Bug 20767 - Restrict "Encoding declaration state" to only media types with provided charset parameter
Summary: Restrict "Encoding declaration state" to only media types with provided chars...
Alias: None
Product: HTML WG
Classification: Unclassified
Component: HTML5 spec (show other bugs)
Version: unspecified
Hardware: All All
: P3 normal
Target Milestone: ---
Assignee: This bug has no owner yet - up for the taking
QA Contact: HTML WG Bugzilla archive list
Depends on:
Reported: 2013-01-25 03:27 UTC by kosmo.zb
Modified: 2015-06-17 03:40 UTC (History)
3 users (show)

See Also:


Note You need to log in before you can comment on or make changes to this bug.
Description kosmo.zb 2013-01-25 03:27:10 UTC
Currently, "Encoding declaration state" <http://www.w3.org/TR/html5/document-metadata.html#attr-meta-http-equiv-content-type> applies to every meta/@http-equiv='Content-Type'. Only some media types contain information about character encoding, i.e. those with 'charset' parameters.

It should not be an error to provide a meta tag with @http-equiv='Content-Type' which has a content attribute which does not specify a character set encoding or which indicates a media type that is not "text/html". Such an element does not constitute a character set encoding declaration and has no semantics in HTML5. The HTML parser <http://www.w3.org/TR/html5/syntax.html#determining-the-character-encoding> ignores meta/@http-equiv="Content-Type" that does not contain a "charset" media type parameter in its content attribute.

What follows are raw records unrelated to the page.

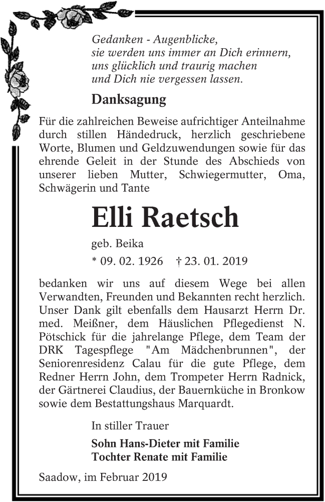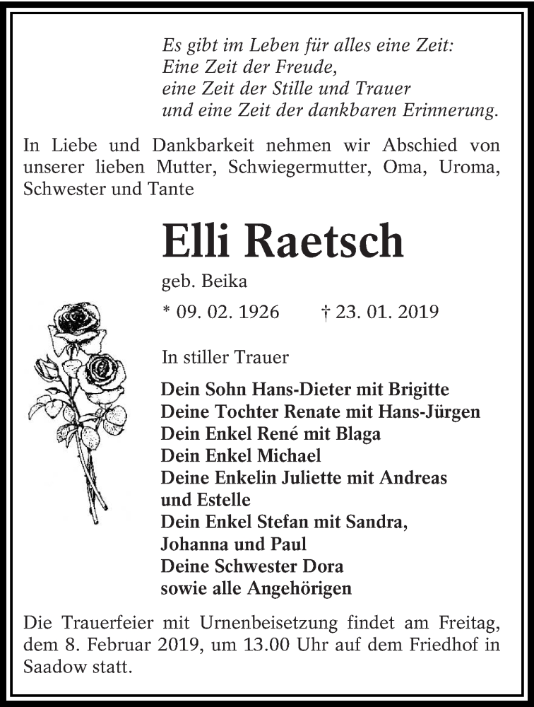 Hier finden Sie alle Traueranzeigen aus der Zeitung, die bisher für Elli Raetsch erschienen sind. Weitere Traueranzeigen, die in der Zeitung erscheinen, werden hier ebenfalls aufgelistet
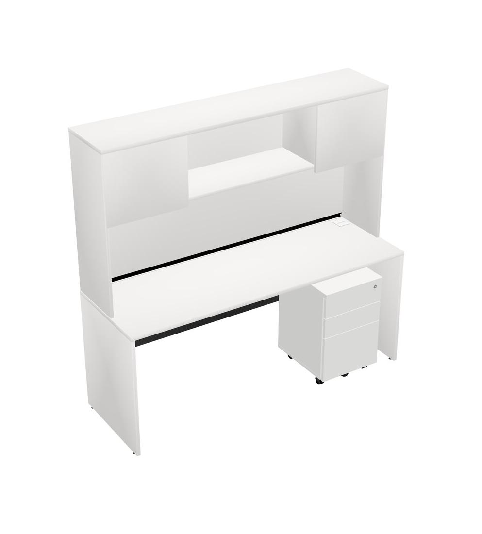 White Rectangular Office Desk Plus White Wooden Mobile Drawers And White Hutch
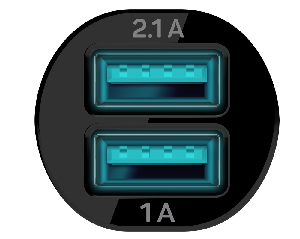 Nabíječka do auta s dvěma USB porty (1 A + 2,1 A) je vhodná pro napájení i nabíjení mobilních telefonů, MP3 přehrávačů, GPS systémy či tablety atd. Nabíječka má chranu proti zkratu a přetížení.
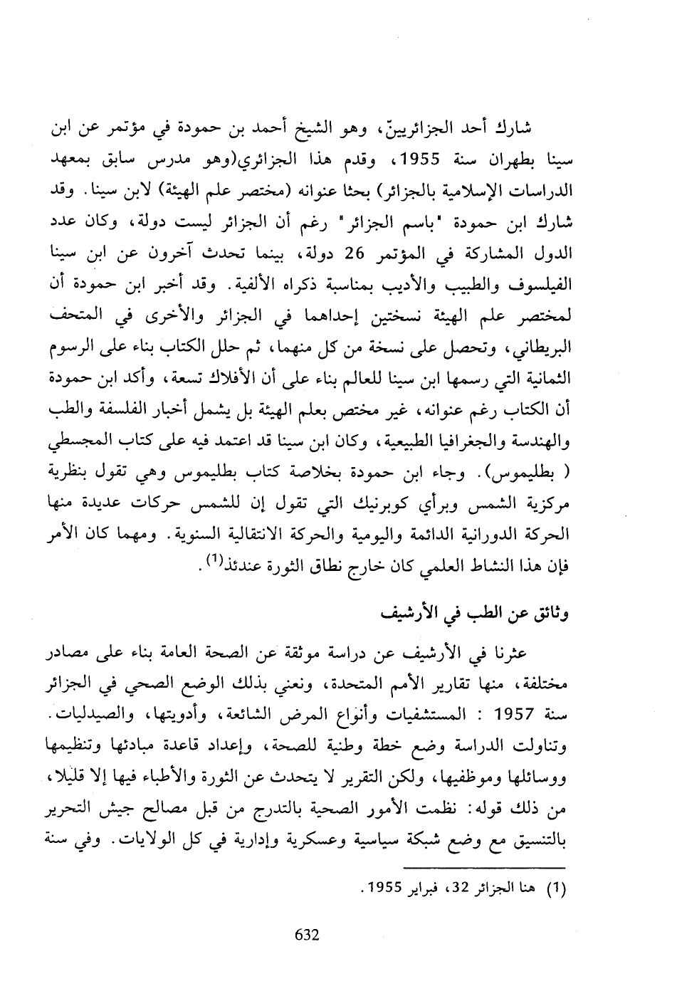 شارك أحد الجزائريين، وهو الشيخ أحمد بن حمودة في مؤتمر عن ابن سينا بطهران سنة 1955، وقدم هذا الجزائري (وهو مدرس سابق بمعهد الدراسات الإسلامية بالجزائر) بحثا عنوانه (مختصر علم الهيئة) لابن سينا، وقد شارك ابن حمودة (باسم الجزائر) رغم أن الجزائر ليست دولة، وكان عدد الدول المشاركة في المؤتمر 26 دولة، بيتما تحدث آخرون عن ابن سينا الفيلسوف والطبيب والأديب بمناسبة ذكراه الألفية، وقد أخبر ابن حمودة أن لمختصر علم الهيئة نسختين إحداهما في الجزائر والأخرى في المتحف البريطاني، وتحصل على نسخة من كل منهما، ثم حلل الكتاب بناء على الرسوم الثمانية التي رسمها ابن سينا للعالم بناء على أن الأفلاك تسعة، وأكد ابن حمودة أن الكتاب رغم عنوانه، غير مختص بعلم الهيئة بل يشمل أخبار الفلسفة والطب والهندمة والجغرافيا الطبيعية، وكان ابن سينا قد اعتمد فيه على كتاب المجسطي (بطليموس)، وجاء ابن حمودة بخلاصة كتاب بطليموس وهي تقول بنظرية مركزية الشمس وبرأي كوبرنيك التي تقول إن للشمس حركات عديدة منها الحركة الدورانية الدائمة واليومين والحركة الانتقالية السنوية، ومهما كان الأمر فإن هذا النشاط العلمي كان خارج نطاق الثورة عندئذ (1).
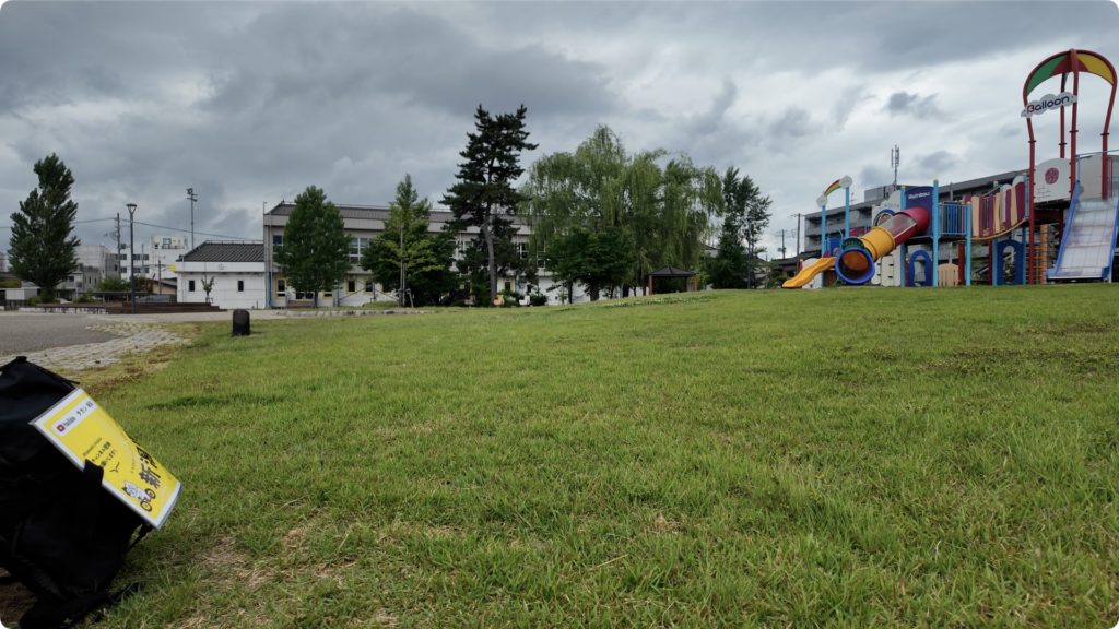こちらは一ノ木戸ポプラ公園。僕の母校、一ノ木戸小学校跡地の公園だ。三条に来ると、ほぼ必ずここに来て休憩をする。
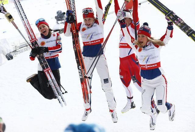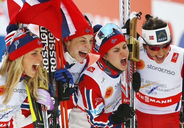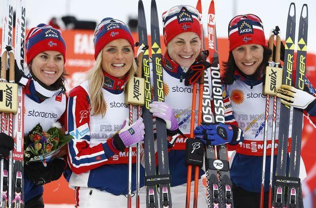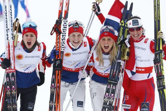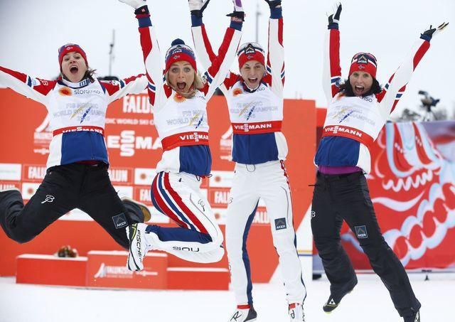 Nórky Heidi Wengová,Therese Johaugová, Astrid Jacobsenová a Marit Björgenová, hviezdili v piatok v bežeckej štafete na 4x5 km a v rámci MS v severských disciplín vo Falune vybojovali zlato.
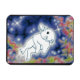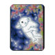 Ein süß weißes Kaninchen, das durch den Weltraum fliegt, ursprünglich ein Künstler, der Karten Design von Carrie Michael.

For this reason, an element like this should NOT be considered in "Encoding declaration state" and thus should not participate in "Encoding declaration state" errors.

I suggest normative text specifying conformance errors for existence of one or more meta/@http-equiv="Content-Type" without "text/html" or "charset" be redacted from both HTML and XML serializations of HTML5. Instead, these elements should be advisory metadata only to be used by validators and consumers as they see fit. To continue to treat these elements as conformance errors and prohibit their use in HTML5 is pointless and goes against the liberal spirit of HTML5.

This correction is motivated by the realization that there may exist many equivalent interpretations for a single representation. In the future, someone may invent and promulgate "text/hml" for a Happy Markup Language which is perfectly compatible with "text/html" but prohibits any use of closing tags. Or perhaps someone will create "text/ohml" for an Obfuscated Hypertext Markup Language which is perfectly compatible with "text/html" but prohibits extraneous whitespace, quotation marks, and optional ending tag delimiters.

<meta http-equiv="Content-Type" content="text/hml">
<meta http-equiv="Content-Type" content="text/ohml">

I believe that HTML5 should provide for leniency in these cases and give authors a natural and straightforward place to declare this kind of metadata.
Comment 1 Michael[tm] Smith 2015-06-17 03:40:36 UTC
No other comments ever posted to it since it was raised 2+ years ago.

It would be more fruitful to take this up for discussion in another forum first, then come back and re-open this bug with a pointer to that discussion, if any indications of support emerge from it.